Growth is the magic word in economics. Growth provides for stability, a strong position against competition, coverage of the ever-exploding costs of wages, buildings and investments. Growth is one of the major demands for keeping shareholders satisfied. Growth puts into motion the flywheel of more growth, and every entrepreneur from small to the biggest in the world wants that flywheel to spin.

 

But growth has it drawbacks. In Western Europe this summer we had an extremely warm July and a very wet August. Autumn started out with a warm September and we’re heading for a record-breaking three-month period: the warmest autumn in three hundred years. Australia is suffering the worst drought ‘in a thousand years’ and suicide amongst desperate farmers there is reaching epidemic proportions. Rivers in parts of China have also dried out. The polar ice keeps creeping back. And predictions for the already heavily stricken African continent do not offer much hope for the future. Facts and fearsome forecasts about climate change are on the news every day.

 

Largely contributing to these changes has been the unbridled economic growth of the last fifty, to a hundred years.
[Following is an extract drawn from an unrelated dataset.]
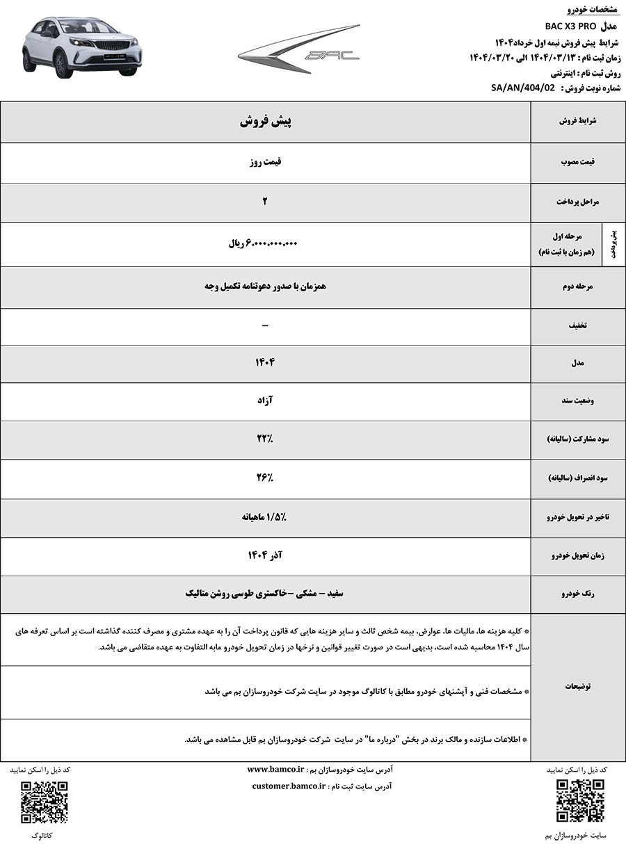 در برنامه فروش نقدی ، قیمت مصوب خودرو با یک و نیم میلیون ریال تعیین شده است. پرداخت همزمان با ثبت نام انجام می شود و مهلت تحویل در این پروژه 1 سپتامبر خواهد بود.

I think it’s fair to say, though, that the geomatics business has a totally different role in this global game of economics. We are often to be found on the green side. The standard geomatics office is clean, pleasant and often surprisingly small, with pride of place given to server rooms full of environmentally conscious people working on GIS or providing data to monitor and provide protection from all the aforementioned hazards. That’s quite a congenial picture. Not least because it flies in the face of the economic principle of a flywheel that spins only when there’s growth to spin it. The same goes for companies in the geomatics business as for the most polluting concerns in the world: growth is necessary to guarantee their stable future.

 

Uncertain times lie ahead for us all, stretching into coming decades. And whilst prophets like Al Gore may tour the world raising awareness of the dangers, the negative sides of economic growth will not be turned around so easily. It will take years, even given the best intentions. This means that opportunities for the geo-business will keep on growing over coming years. For the next, 2007, my wish would be that you too use your economic growth for the best, to help decrease the drawbacks caused by others’.

 

Happy, healthy, clean and booming 2007!